Per la cura delle macchie scure scegliete cosmetici professionali e funzionali, ad azione depigmentante, esfoliante e rigenerante. Quelli più indicati hanno al loro interno una concentrazione ottimale di acido kojico e arbutina, o sono a base di acido mandelico.

Le creme a base di queste sostanze sono fedeli alleati di bellezza. Utilizzate nella skincare routine lasciano la pelle liscia, levigata e luminosa. Stimolando il ricambio cellulare, favoriscono appunto la generazione di nuove cellule.

 

Acido Kojico & Arbutina

  • L’acido kojico, derivato da diverse specie di funghi (Aspergillus oryzae e Penicillium), è rinomato per le sue straordinarie virtù schiarenti e antiossidanti.
  • L’arbutina, una sostanza derivante dalla buccia dell’uva ursina, inibisce l’eccessiva produzione di melanina.

 

Acido Mandelico

  • L’acido mandelico, estratto dalla mandorla, ha un elevato potere esfoliante.
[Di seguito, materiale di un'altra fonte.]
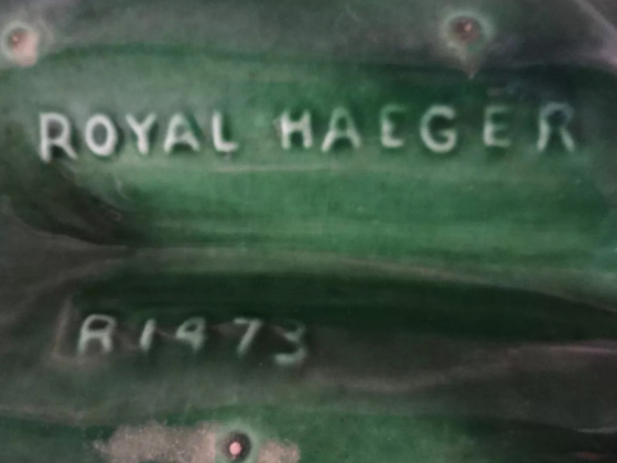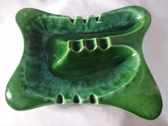 Modern Ashtray 9" circa 1955-1956, Green Stipple glaze, photos courtesy VicKevin on eBay
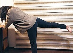 壁に手をつけて片足を上げることで、両方の脚の筋肉を刺激。太もものたるみが解消!
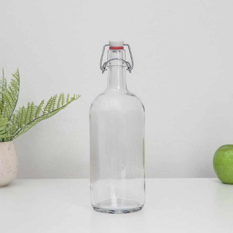 Бутылка бугельная «Бесцветная», 1 л, с пробкой
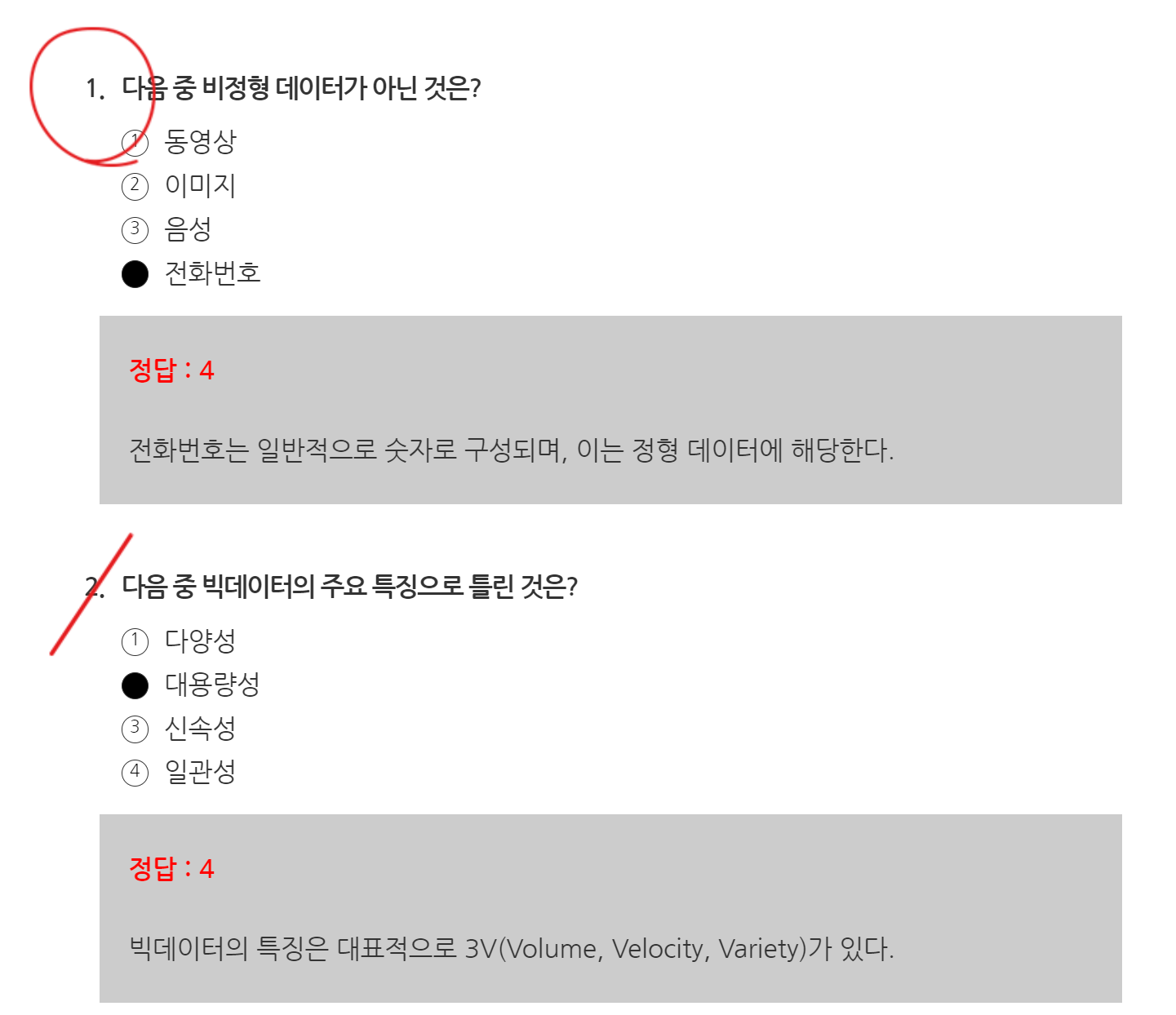 - 내가 제출했던 답안과 실제 답안과 해설까지 보여줍니다.
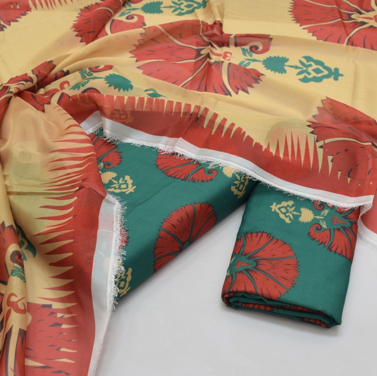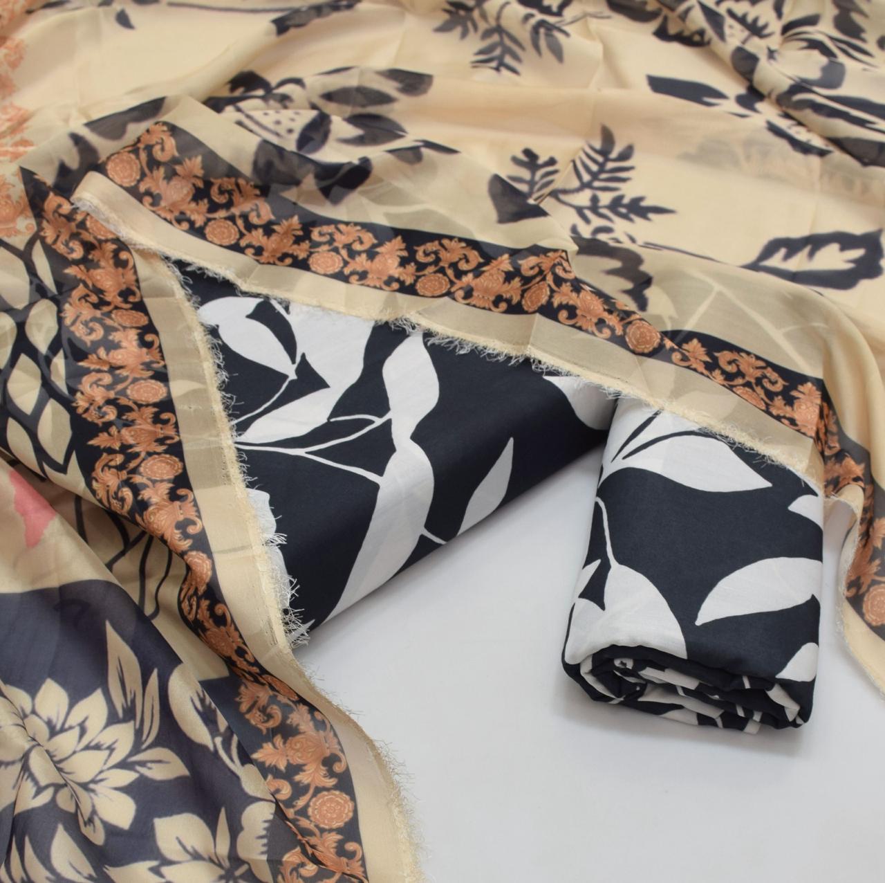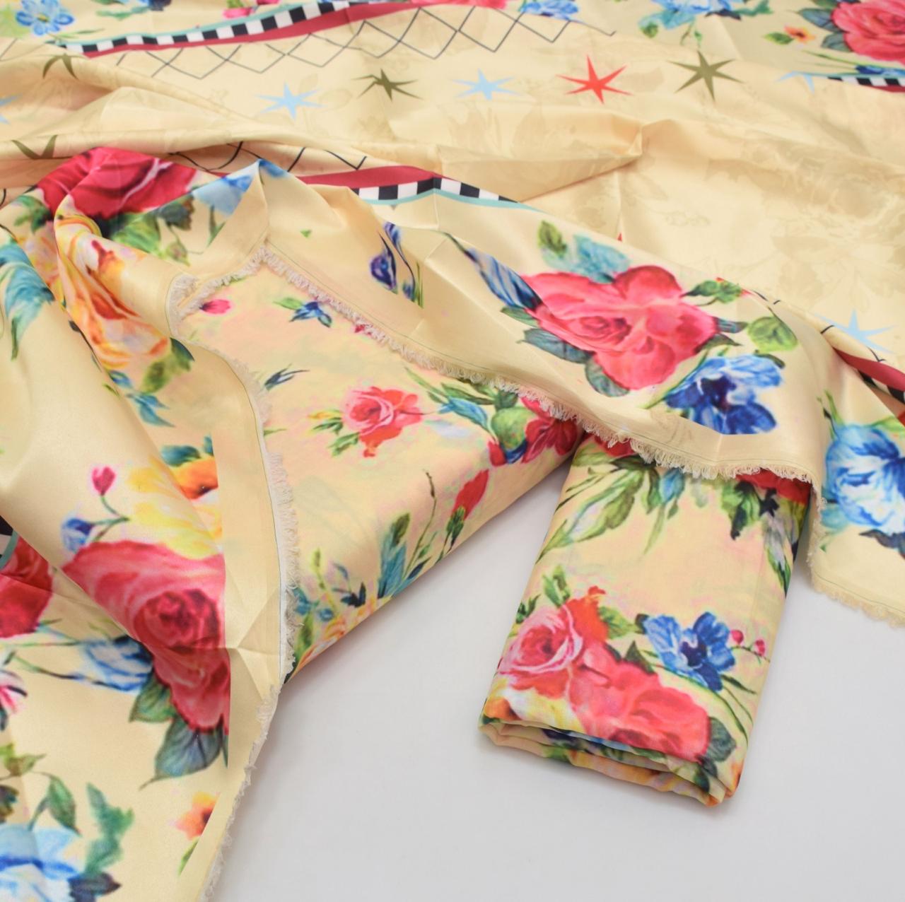 3PC Unstitched Swiss Lawn Suit – Digital Printed Shirt & Trouser with Silk Printed Dupatta (Trending Design)
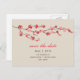 Um simples casamento moderno salve o cartão postal com uma ilustração inspirada pela aquarela de um galho de cereja rosa florescendo sobre um fundo de branco profundo. Texto vermelho e marrom personalizável. Procure convites para casamento, cartões de Rsvp, correio e etiquetas de endereço na Paperie de Jill.
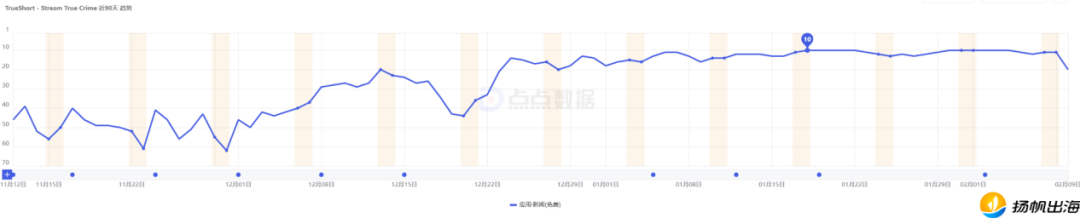 (近90天,TrueShort在美国新闻应用榜排名情况,图源:点点数据)

E rispetto agli altri trattamenti schiarenti, impiegati per il peeling, non è fotosensibilizzante.

Macchie chiare: tipologie comuni e cure

Le macchie bianche sulla pelle del viso costituiscono un forte disagio estetico. Nel caso della vitiligine, la cui eziologia è ereditaria, le macchie bianche sono dovute alla distruzione dei melanociti. Trattandosi di una malattia della pelle è fondamentale rivolgersi ad uno specialista dermatologo.

L’accurata diagnosi medica e la formulazione di una terapia mirata aiutano la ripigmentazione della pelle contrastando l’infiammazione. Se vi è stata diagnosticata la vitiligine state attenti ai raggi del sole, specie durante la stagione estiva. Per evitare il rischio di ustioni, proteggete sempre le zone colpite dalla malattia con una crema solare a protezione totale.

Le chiazze bianche multiple, rotondeggianti e spesso pruriginose, possono essere un chiaro segno di infezione micotica. In questo caso, il medico di fiducia può indicarvi una terapia adeguata.

A scopo precauzionale, tuttavia, è sempre consigliato evitare un’esposizione prolungata ai raggi solari, e utilizzare lozioni con schermo solare elevato. Per un trattamento topico inclusivo potete usare creme e gel a base di aloe vera e tea tree oil, dall’elevato potere igienizzante.